How to build effective risk profiles

Understanding risk profiles

Risk profiles let you manage which risk rules you apply to payments made on a merchant account.

Default risk profiles

When onboarding to Adyen you will receive a default risk profile to which all of your merchant accounts will be assigned. This default (parent) profile comes with a number of pre configured rules depending on the product tier

Customizing risk profiles

You may choose to keep this set up or create multiple risk profiles based on the risk and fraud needs of a particular merchant account. For example, you may want to have a stricter set of rules for a particular geo or line of business that poses a higher fraud risk. 

Building an effective risk profile

Building an effective risk profile is a continuous process that involves understanding your markets, configuring risk rules and continuously monitoring and updating your profile based on fraud trends.  

Machine Learning and Risk rules

Customizing machine learning fraud models

The latest version of our risk engine is a hybrid solution pairing powerful machine learning models with customizable risk rules. To build the most effective risk profile consider your risk and optimization goals for the merchant account. 

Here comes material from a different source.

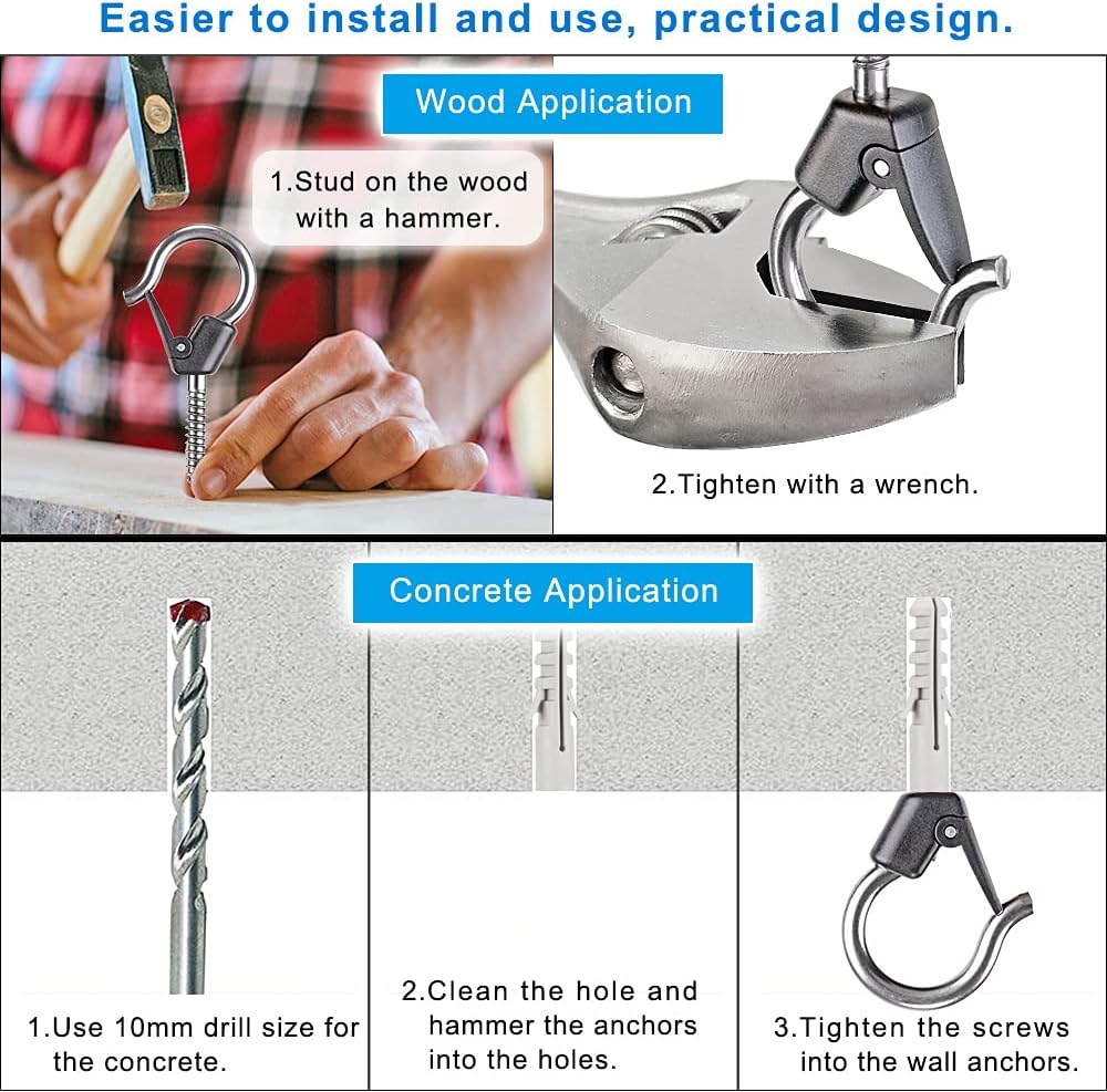 - 【Package Combo】: You will get 8 pack screw hook. Special expansion anchors are included for concrete ceiling.
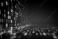 Digital curtain of glowing orange and white binary code with a dark, gradient background

You are able to customize our machine learning fraud model to decide how much risk you are willing to take on. By default, the rule “Machine learning: fraud risk” will block transactions with a high risk classification. The medium and high risk thresholds aim to find a balanced approach between auth and fraud rate. 

A risk threshold of ‘Very High’ should be selected if your goal is to maximize authorization rates with the knowledge that some fraud may get through. On the opposite end a risk threshold of ‘Low’ will have the goal of minimizing fraud rates, with the possibility of blocking legitimate transactions. You are able to adjust these thresholds as you monitor their results using our Risk & Disputes Dashboard located in the Customer area. 

Creating Customer Risk Rules

Designing effective Custom Risk Rules

For an additional layer of risk and fraud mitigation Adyen’s risk engine gives you the power to create custom risk rules. In order to create effective custom risk rules consider the risk and fraud challenges that face your business. To create the most powerful custom risk rules we recommend that you send in as many of the required risk fields as possible. This allows for the creation of granular BLOCK, ALLOW, REVIEW and CHECK FOR 3DS rules. 

For example, a rule blocking all transactions with an amount greater than $5,000.00 would inevitably block good shoppers. 

But a rule blocking a transaction with all of the below conditions will only trigger on a small subset of traffic that you have determined to be high risk. 

  • An amount greater than $5,000.00 

  • A delivery address in Miami, FL 

  • A BIN of 12345 

  • More than five issuer refusals in the past 24 hours (as determined by ShopperDNA) 

Backtesting Risk Rules

In order to gain insights on a risk rule’s performance prior to enabling it you can utilize our backtesting feature.

A back test will show you the rule’s performance based on past transactions over a certain time period. The effectiveness of the rule can be determined based on the outcome of past transactions.

If your goal is to create a BLOCK rule that stops fraudulent activity you will be focused on the count and amount of fraudulent payments. This represents transactions that would have triggered your rule and that have since become notifications of fraud or fraud chargebacks. Ideally you will want to see more fraudulent than legitimate payments. The delta between these two metrics can give you insight into possible false positives and decide if the rule is worth creation based on your risk tolerance.

Based on the back rule results you can further iterate on the rule, adjusting and adding fields.

A measure of effectiveness for an ALLOW rule would not show any past transactions that have resulted in fraud. 

Keep in mind that the data pertaining to fraudulent and legitimate payments may change as additional fraud chargebacks and NoFs are received. The count and amount shown in the back testing results are based on the outcomes of transactions at the time of the back test.